What needs to be done — Set down the entries below exactly, leaving out all images.

Source records:
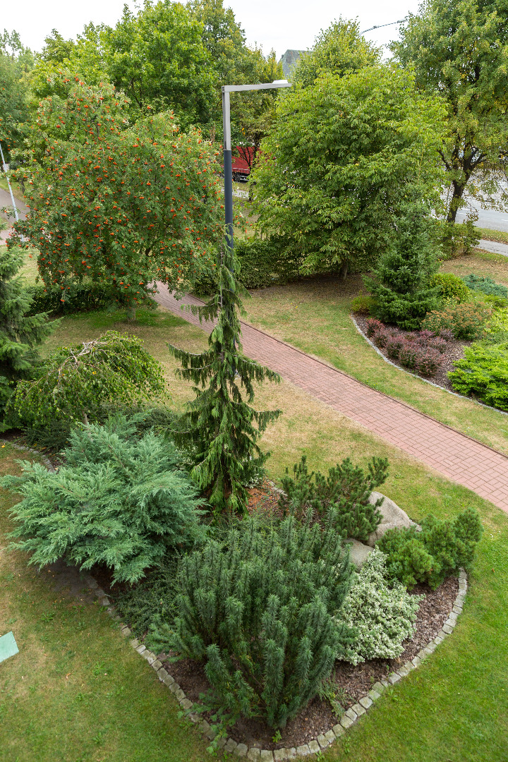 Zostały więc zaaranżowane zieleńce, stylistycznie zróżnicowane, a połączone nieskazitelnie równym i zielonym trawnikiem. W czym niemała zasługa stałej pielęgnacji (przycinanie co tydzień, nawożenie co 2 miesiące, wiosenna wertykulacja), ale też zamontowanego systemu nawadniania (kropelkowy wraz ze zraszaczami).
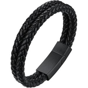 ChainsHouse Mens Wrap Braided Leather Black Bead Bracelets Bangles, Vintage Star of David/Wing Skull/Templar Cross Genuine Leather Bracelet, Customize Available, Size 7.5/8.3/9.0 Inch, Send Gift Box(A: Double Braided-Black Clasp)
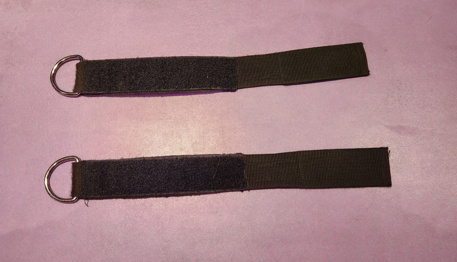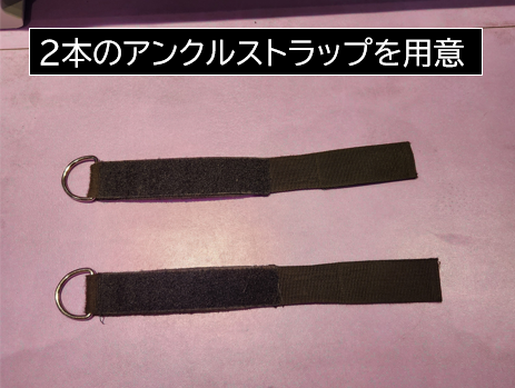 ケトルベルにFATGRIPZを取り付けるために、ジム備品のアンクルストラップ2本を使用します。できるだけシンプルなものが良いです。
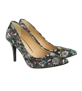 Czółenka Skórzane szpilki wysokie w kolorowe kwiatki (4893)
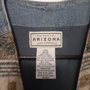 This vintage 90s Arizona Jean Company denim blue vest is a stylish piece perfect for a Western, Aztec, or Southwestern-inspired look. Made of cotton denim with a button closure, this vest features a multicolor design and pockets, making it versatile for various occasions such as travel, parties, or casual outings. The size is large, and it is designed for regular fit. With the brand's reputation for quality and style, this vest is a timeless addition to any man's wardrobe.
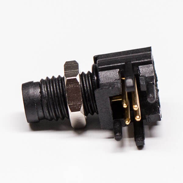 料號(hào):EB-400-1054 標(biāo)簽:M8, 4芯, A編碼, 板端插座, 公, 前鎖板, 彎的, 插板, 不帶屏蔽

Problem solution —
 Zostały więc zaaranżowane zieleńce, stylistycznie zróżnicowane, a połączone nieskazitelnie równym i zielonym trawnikiem. W czym niemała zasługa stałej pielęgnacji (przycinanie co tydzień, nawożenie co 2 miesiące, wiosenna wertykulacja), ale też zamontowanego systemu nawadniania (kropelkowy wraz ze zraszaczami).
 ChainsHouse Mens Wrap Braided Leather Black Bead Bracelets Bangles, Vintage Star of David/Wing Skull/Templar Cross Genuine Leather Bracelet, Customize Available, Size 7.5/8.3/9.0 Inch, Send Gift Box(A: Double Braided-Black Clasp)
 ケトルベルにFATGRIPZを取り付けるために、ジム備品のアンクルストラップ2本を使用します。できるだけシンプルなものが良いです。
 Czółenka Skórzane szpilki wysokie w kolorowe kwiatki (4893)
 This vintage 90s Arizona Jean Company denim blue vest is a stylish piece perfect for a Western, Aztec, or Southwestern-inspired look. Made of cotton denim with a button closure, this vest features a multicolor design and pockets, making it versatile for various occasions such as travel, parties, or casual outings. The size is large, and it is designed for regular fit. With the brand's reputation for quality and style, this vest is a timeless addition to any man's wardrobe.
 料號(hào):EB-400-1054 標(biāo)簽:M8, 4芯, A編碼, 板端插座, 公, 前鎖板, 彎的, 插板, 不帶屏蔽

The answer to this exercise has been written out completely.